ADsecurity's Analyze and Clean ACLs tools are used to find and repair common security problems on your network. Below is a list of common security issues that ADsecurity can scan for:

Issue Reason
User/Computer names appearing in the ACL Generally, we recommend to avoid using names of specific accounts in permissions. If the account is deleted, or changes roles within your organization, it can be painful to change the security rights to match. Instead, we recommend that groups be created to represent security roles (eg. Domain Admins, HelpDesk Workers) and security rights be set using these role groups. ADsecurity can scan for and warn you of any objects with individual user or computer accounts in the ACL.
User/Computer names appearing in the Owner Field This is recommended against for the same reason as above. It is preferable to use groups to assign security rights.
Check for empty ACLs Empty ACLs will deny access to all users.
Check for missing ACLs Missing ACLs will allow access to all users.
Check for deleted objects in ACEs When individual user accounts are included on the ACL, they can leave behind remnants if the user is moved or deleted. ADsecurity can check for deleted objects in ACLs and remove them.
Check for unknown SIDs in ACEs Unknown SIDs may refer to previously deleted accounts. In this case, it is safe to remove them from any ACLs on your network.

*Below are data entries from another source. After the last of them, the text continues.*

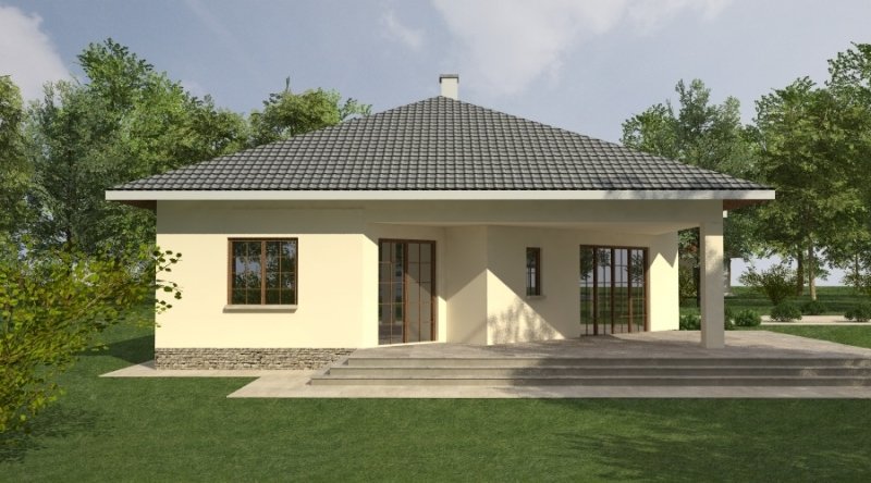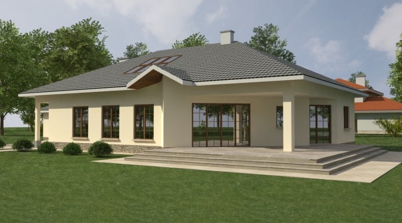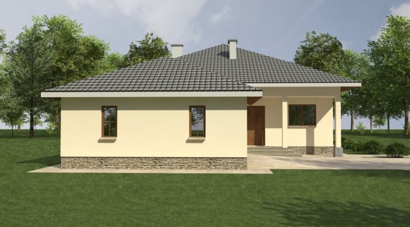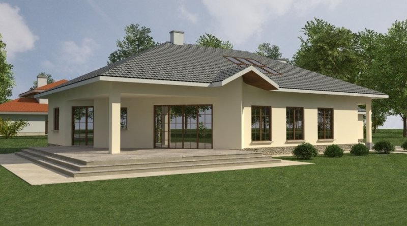Ściany zewnętrzne 2-warstwowe : Beton komórkowy ( 24cm) / Pustak ceramiczny (25cm) + styropian 20cm . Ławy fundamentowe tradycyjne. Ściany fundamentowe betonowe gr.24(25cm) z bloczków betonowych lub wylewane. Stropy - płyta żelbetowa . Zamiennie można zastosować strop gęstożeberkowy. Konstrukcja dachu - tradycyjna drewniana , pokrycie dachu z dachówki ceramicznej. Elewacje - pokryte tynkiem strukturalnym cienkowarstwowym.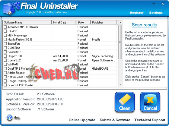Final Uninstaller - программа очистки жестких дисков и системного реестра от мусора, оставшегося после удаления каких-либо программ. Программа использует высокоэффективный алгоритм обнаружения, который позволяет быстро просканировать систему и найти ненужные файлы. За несколько щелчков мыши программа просканирует ваш жесткий диск и реестр Windows, после чего предоставит вам список приложений, которые были неправильно деинсталлированы. После чего вы сможете выбрать приложения для последующего их полного удаления с компьютера. Программа имеет понятный пользовательский интерфейс и проста в использовании.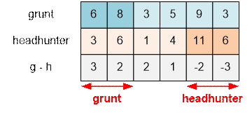способностями grunt и headhunter. Первые g орков отнесем к grunt, последние h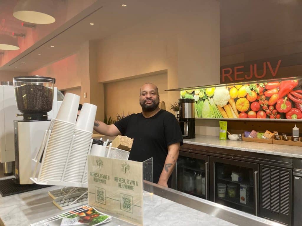 CJ Wilkerson, front of the house lead at Rejuv, says the reception has been positive, “Office workers in the area love that they have a place near work, where they can eat clean meals,” he says “They know that they’re getting real food, not processed food, full of additives and preservatives.”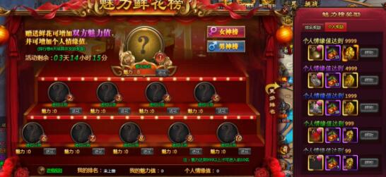 【活动内容】:赠送鲜花可增加双方的魅力值,并可增加个人的情缘值,情缘值达要求时,可领取奖励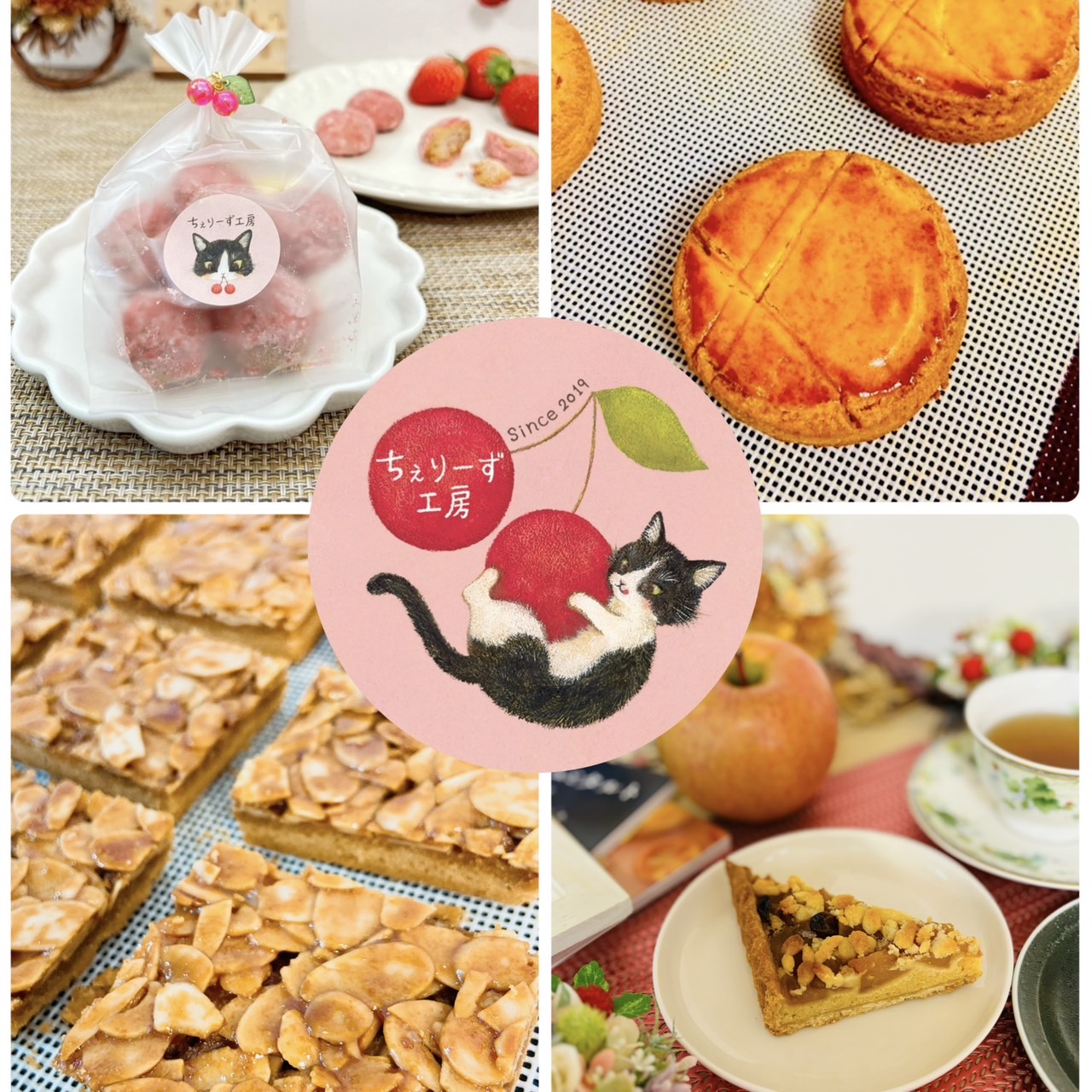 お麩ラスク、米粉クッキー、フロランタン、りんごのタルト、チーズケーキ、ガトーショコラ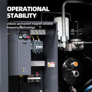 Equipped with a high-precision screw airend made of premium alloy materials. The compressor features an optimized rotor profile that minimizes wear and tear even during long hours of operation.

ADsecurity can remove deleted objects from ACEs and/or remove unknown SIDs from ACEs. To do this, check the corresponding boxes in the Clean ACLs section and click the Run button to proceed. We recommend that you create an Undo file so that you can revert the changes in case the changes you make cause problems.

Like in the Search & Replace tools, the Locations tab allows you to limit the scope of the tool. Add locations to the grid with the Select button, delete locations with the Remove button, and modify how deep to scan each location by selecting it and choosing an option from the Scope Level button. After the search locations are finalized, click Run to run the tool. Tools can be run on a schedule by selecting Run Later off of the Run dropdown, or run in simulation mode with the Run Simulation option. Running a simulation will show the output as running normally would, however no changes will occur.